Progress of Stockfish in 6 days

mwyoung · Post by **mwyoung** » Fri Aug 14, 2020 4:03 am

mwyoung wrote: ↑Fri Aug 14, 2020 1:31 am
lkaufman wrote: ↑Fri Aug 14, 2020 1:20 am
mwyoung wrote: ↑Fri Aug 14, 2020 12:03 am
lkaufman wrote: ↑Thu Aug 13, 2020 10:51 pm
mwyoung wrote: ↑Thu Aug 13, 2020 9:54 pm
lkaufman wrote: ↑Thu Aug 13, 2020 7:22 am
Jouni wrote: ↑Wed Aug 12, 2020 9:36 pm Yes SF NNUE is equal to quadruple your CPU cores for free. Incredible .
I actually got a result that SFNNUE (a couple days ago) on one thread beat Stockfish 11 on seven threads, at 2' + 1", by 90 to 80! So you may be understating it!
I also achieved this kind of results. But I hope to God you don't think it can achieve this results in with more threads, and time.
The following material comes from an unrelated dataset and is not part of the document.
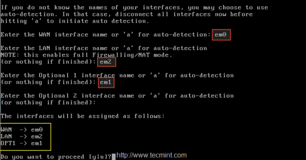 2. اختر الـ interface 1 em0 كما WAN1 ، سيتم تعيين IP من DHCP ، سوف تكون الـ interface الثانية em2 للشبكة المحلية ويمكنك إضافة interface أكثر em01 (اختياري وبحسب رغبتك بذلك) ، سيتم تغيير هذا لاحقا إلى WAN2 مع عنوان IP DHCP. هنا هي الـ interface النهائية المخصصة على النحو التالي :

Because it does not, it is only marginally better then the best standard Stockfish, and Lc0. The strongest program yes, crushing the other engines no!
Do you have results that show that normal Stockfish with say 64 threads can beat current SFNNUE on 16 threads at some time control (or any four to one ratio of threads at any time limit), or do you just mean that there are a lot more draws with longer time controls and more threads when playing on equal threads?
We have a match request for Stockfish NNUE vs Lc0 on the Match and Tournament page.

"How does perform SF-NNUE vs Lc0 ?
Post by Vinvin » Tue Aug 11, 2020 10:09 pm

I saw very few matches between this 2 engines.

Conditions like :
3min+2sec
200 games
book : short lines (where Lc0 was the best over A/B engines)

RTX 2080 Ti for Lc0
16 cores for SF-NNUE (latest exe + latest NN file)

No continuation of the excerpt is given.